#### What you have to do:
With the pictures left out, retype exactly the lines below starting at the line that contains "1250 Seljuk (1037-1157, Silver" and ending at the line that contains "The Legion's National".
*** Opening Data provided ***
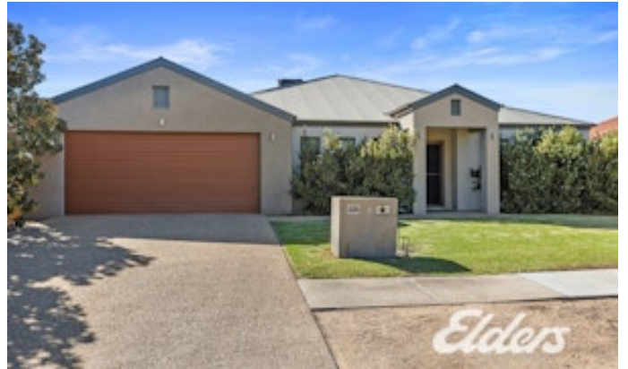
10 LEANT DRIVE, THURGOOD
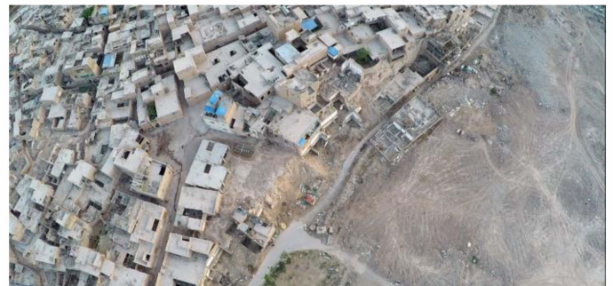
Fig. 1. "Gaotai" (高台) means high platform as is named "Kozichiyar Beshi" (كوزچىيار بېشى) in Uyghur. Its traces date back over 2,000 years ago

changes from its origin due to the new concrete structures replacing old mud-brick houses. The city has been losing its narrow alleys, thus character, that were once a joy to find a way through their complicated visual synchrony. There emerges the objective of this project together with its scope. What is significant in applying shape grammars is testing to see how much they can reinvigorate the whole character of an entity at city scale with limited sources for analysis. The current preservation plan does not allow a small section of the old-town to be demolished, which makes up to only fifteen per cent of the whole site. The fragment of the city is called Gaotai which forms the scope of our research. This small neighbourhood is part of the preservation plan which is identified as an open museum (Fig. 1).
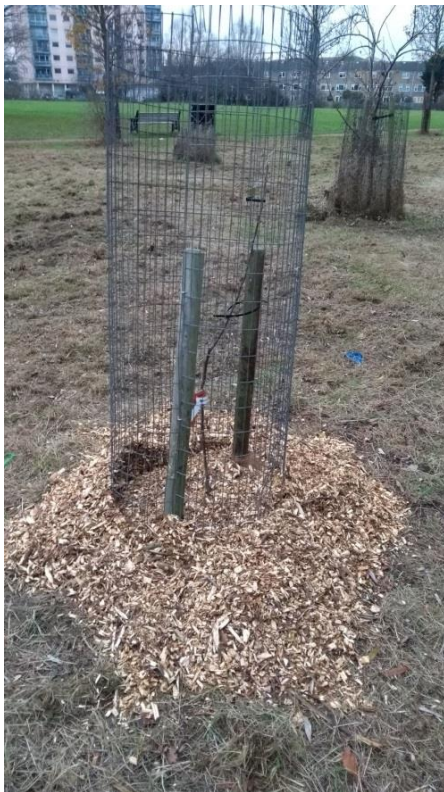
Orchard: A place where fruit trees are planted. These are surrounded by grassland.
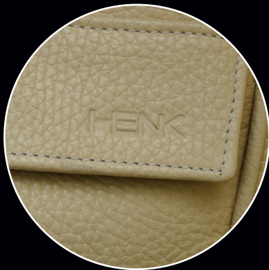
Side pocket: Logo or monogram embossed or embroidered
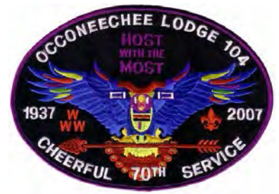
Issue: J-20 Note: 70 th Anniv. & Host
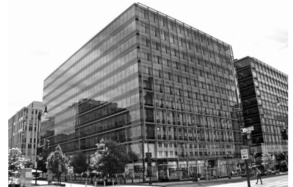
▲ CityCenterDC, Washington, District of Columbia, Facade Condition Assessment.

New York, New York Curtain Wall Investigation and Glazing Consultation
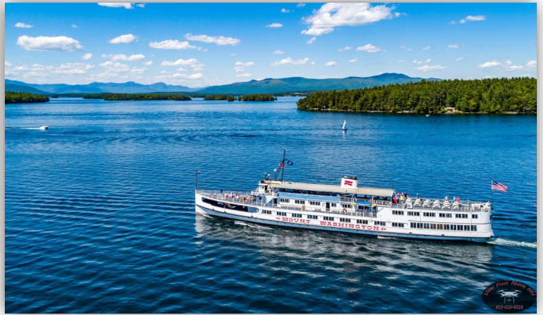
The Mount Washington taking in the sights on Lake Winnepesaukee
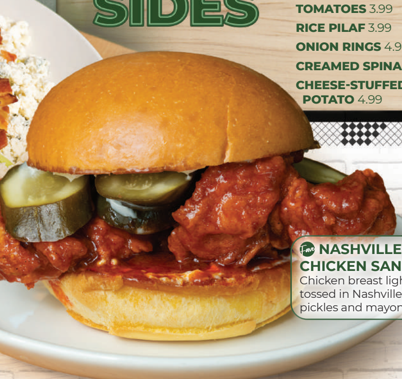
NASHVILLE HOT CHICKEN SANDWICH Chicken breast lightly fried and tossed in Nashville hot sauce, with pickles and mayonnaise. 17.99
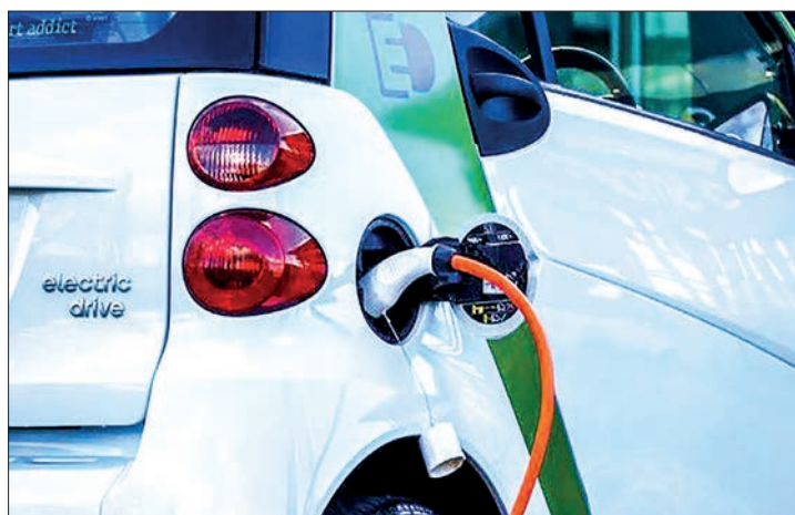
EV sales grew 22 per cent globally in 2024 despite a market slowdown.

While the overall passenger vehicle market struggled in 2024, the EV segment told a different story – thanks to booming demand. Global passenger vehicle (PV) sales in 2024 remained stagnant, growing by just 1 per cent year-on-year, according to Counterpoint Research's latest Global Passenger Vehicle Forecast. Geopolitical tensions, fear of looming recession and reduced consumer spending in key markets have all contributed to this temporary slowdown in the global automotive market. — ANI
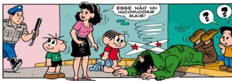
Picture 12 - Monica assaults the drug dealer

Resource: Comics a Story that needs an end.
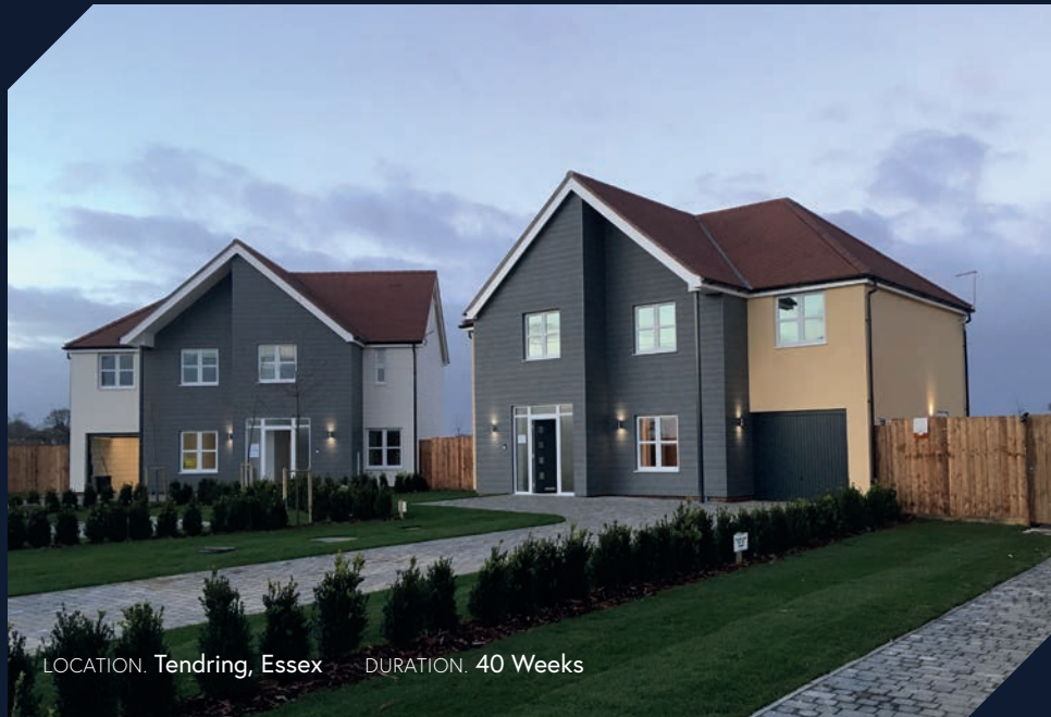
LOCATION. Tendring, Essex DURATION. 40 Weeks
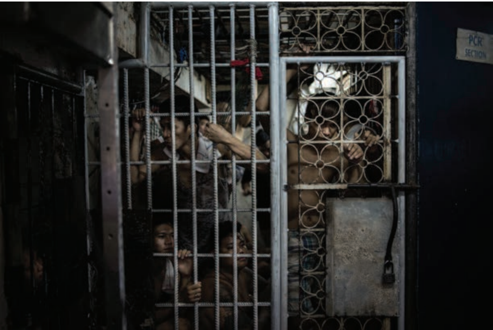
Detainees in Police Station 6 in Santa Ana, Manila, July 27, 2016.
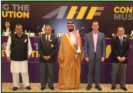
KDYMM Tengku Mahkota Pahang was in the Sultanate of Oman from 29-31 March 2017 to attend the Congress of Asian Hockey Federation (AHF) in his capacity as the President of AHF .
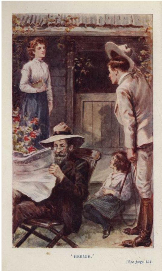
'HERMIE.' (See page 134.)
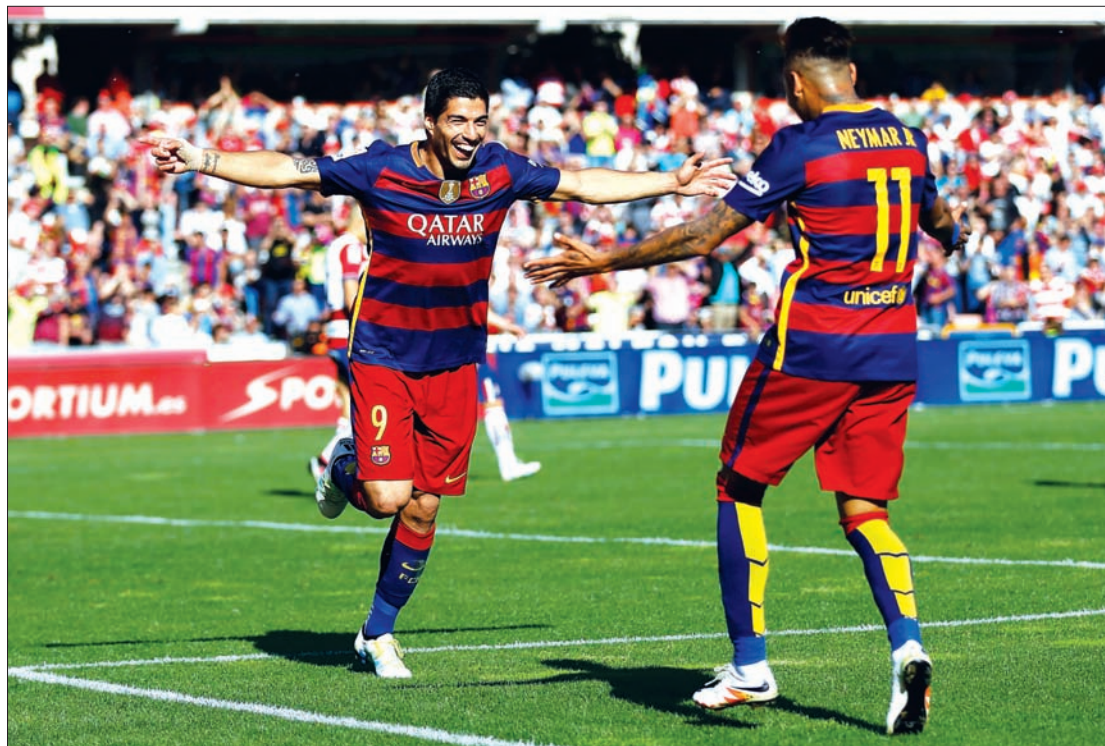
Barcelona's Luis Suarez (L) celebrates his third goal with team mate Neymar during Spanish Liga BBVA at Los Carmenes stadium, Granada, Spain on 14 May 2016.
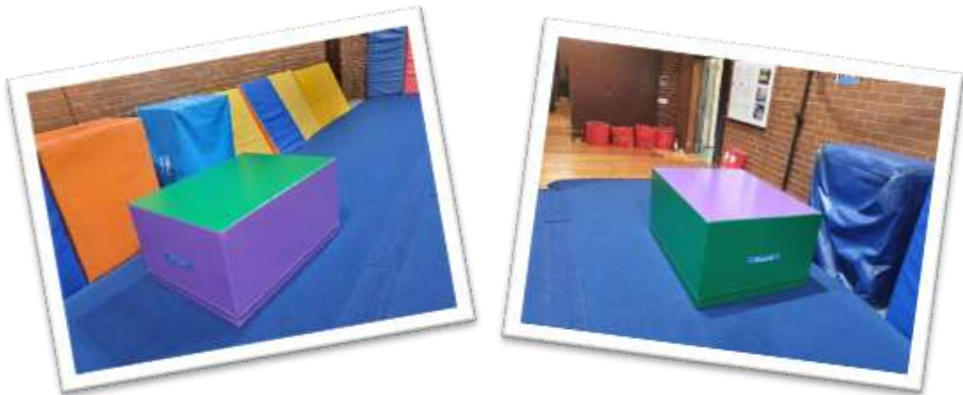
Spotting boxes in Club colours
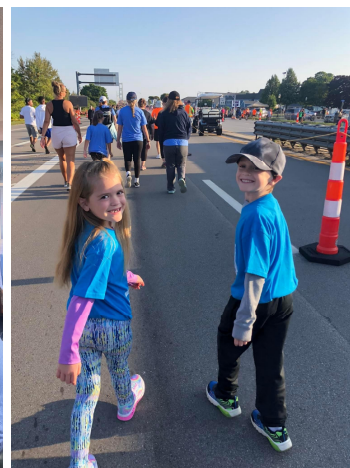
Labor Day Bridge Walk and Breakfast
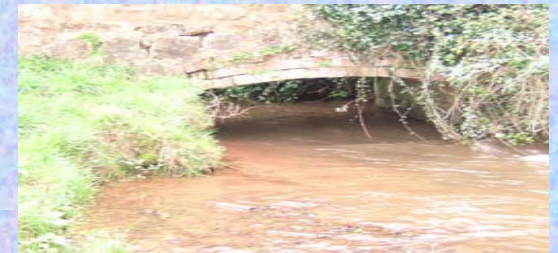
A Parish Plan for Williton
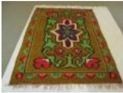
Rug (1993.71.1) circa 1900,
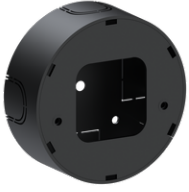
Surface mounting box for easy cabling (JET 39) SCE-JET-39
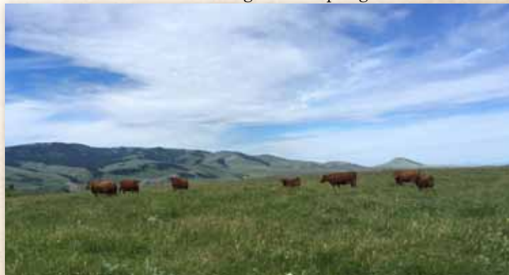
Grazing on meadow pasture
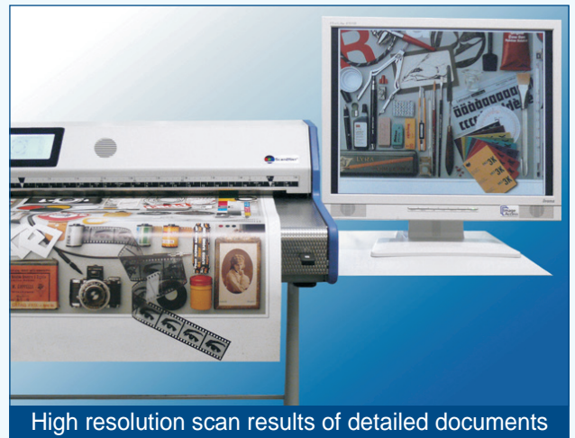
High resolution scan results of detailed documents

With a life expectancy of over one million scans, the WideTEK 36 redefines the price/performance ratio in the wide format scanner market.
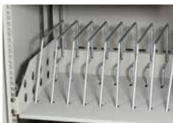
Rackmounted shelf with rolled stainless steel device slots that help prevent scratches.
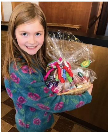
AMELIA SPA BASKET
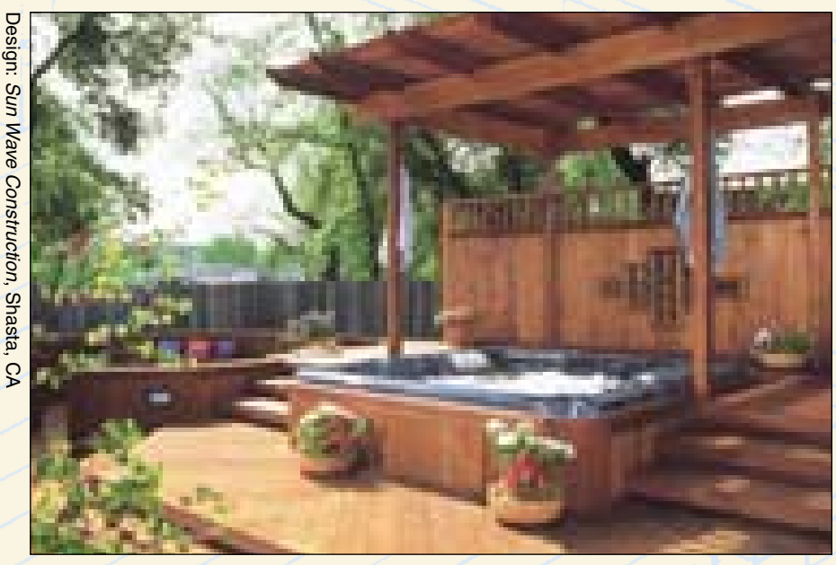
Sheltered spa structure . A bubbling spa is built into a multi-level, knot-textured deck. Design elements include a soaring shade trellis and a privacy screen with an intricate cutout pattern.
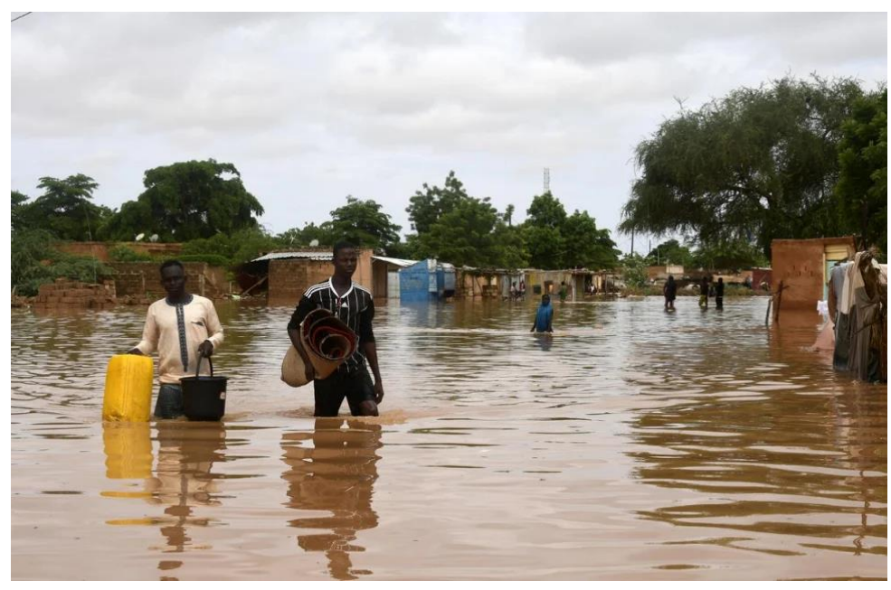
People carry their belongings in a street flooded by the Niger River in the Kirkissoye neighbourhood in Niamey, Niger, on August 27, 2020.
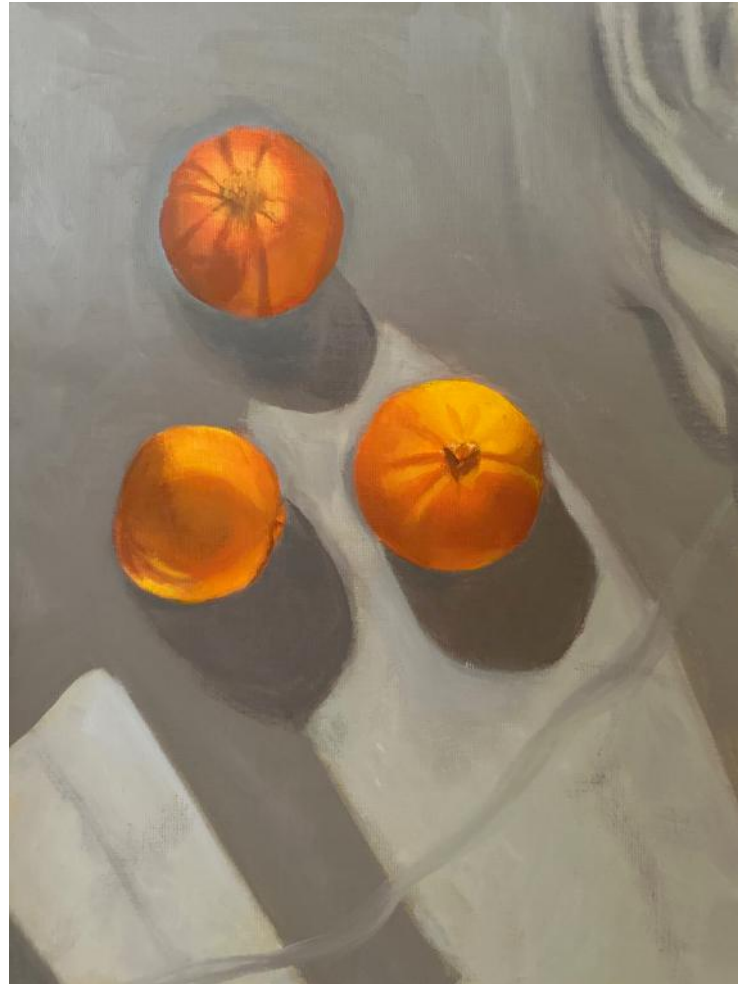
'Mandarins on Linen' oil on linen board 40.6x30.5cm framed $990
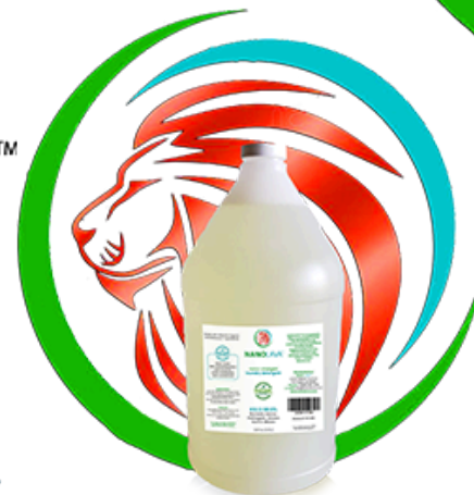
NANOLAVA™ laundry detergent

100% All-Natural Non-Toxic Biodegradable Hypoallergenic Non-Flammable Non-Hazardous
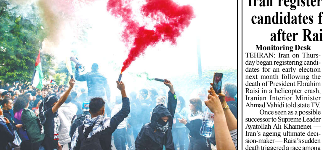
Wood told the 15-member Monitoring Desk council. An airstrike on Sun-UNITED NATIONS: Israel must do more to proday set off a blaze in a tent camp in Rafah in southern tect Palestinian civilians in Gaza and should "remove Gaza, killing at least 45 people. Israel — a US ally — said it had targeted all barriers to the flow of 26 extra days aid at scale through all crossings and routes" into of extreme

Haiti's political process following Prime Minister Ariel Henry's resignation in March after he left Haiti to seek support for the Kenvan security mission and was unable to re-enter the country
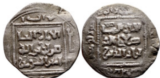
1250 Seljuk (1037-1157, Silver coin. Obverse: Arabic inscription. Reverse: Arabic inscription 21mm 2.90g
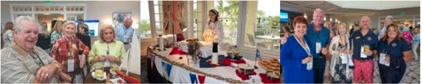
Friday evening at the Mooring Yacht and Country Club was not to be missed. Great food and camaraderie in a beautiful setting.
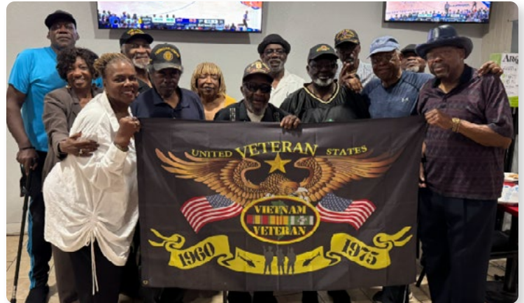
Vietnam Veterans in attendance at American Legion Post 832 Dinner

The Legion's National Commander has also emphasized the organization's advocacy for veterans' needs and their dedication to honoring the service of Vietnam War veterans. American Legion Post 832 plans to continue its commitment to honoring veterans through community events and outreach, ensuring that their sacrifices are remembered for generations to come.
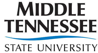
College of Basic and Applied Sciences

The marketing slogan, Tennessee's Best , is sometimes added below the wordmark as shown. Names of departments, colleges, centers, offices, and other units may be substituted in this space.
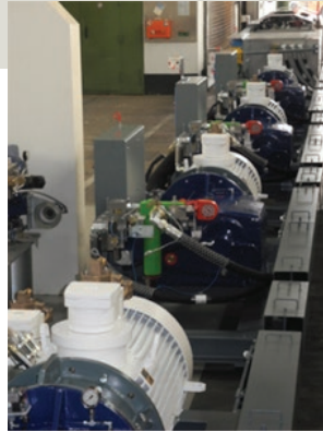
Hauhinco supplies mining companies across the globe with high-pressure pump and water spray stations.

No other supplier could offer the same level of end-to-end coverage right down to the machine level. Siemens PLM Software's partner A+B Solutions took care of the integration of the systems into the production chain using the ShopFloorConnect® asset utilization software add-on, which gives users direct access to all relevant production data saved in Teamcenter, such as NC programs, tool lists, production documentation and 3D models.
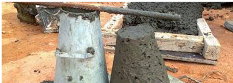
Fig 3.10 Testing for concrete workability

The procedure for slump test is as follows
*** Closing Data provided ***
#### Exercise response:
1250 Seljuk (1037-1157, Silver coin. Obverse: Arabic inscription. Reverse: Arabic inscription 21mm 2.90g
Friday evening at the Mooring Yacht and Country Club was not to be missed. Great food and camaraderie in a beautiful setting.
Vietnam Veterans in attendance at American Legion Post 832 Dinner

The Legion's National Commander has also emphasized the organization's advocacy for veterans' needs and their dedication to honoring the service of Vietnam War veterans. American Legion Post 832 plans to continue its commitment to honoring veterans through community events and outreach, ensuring that their sacrifices are remembered for generations to come.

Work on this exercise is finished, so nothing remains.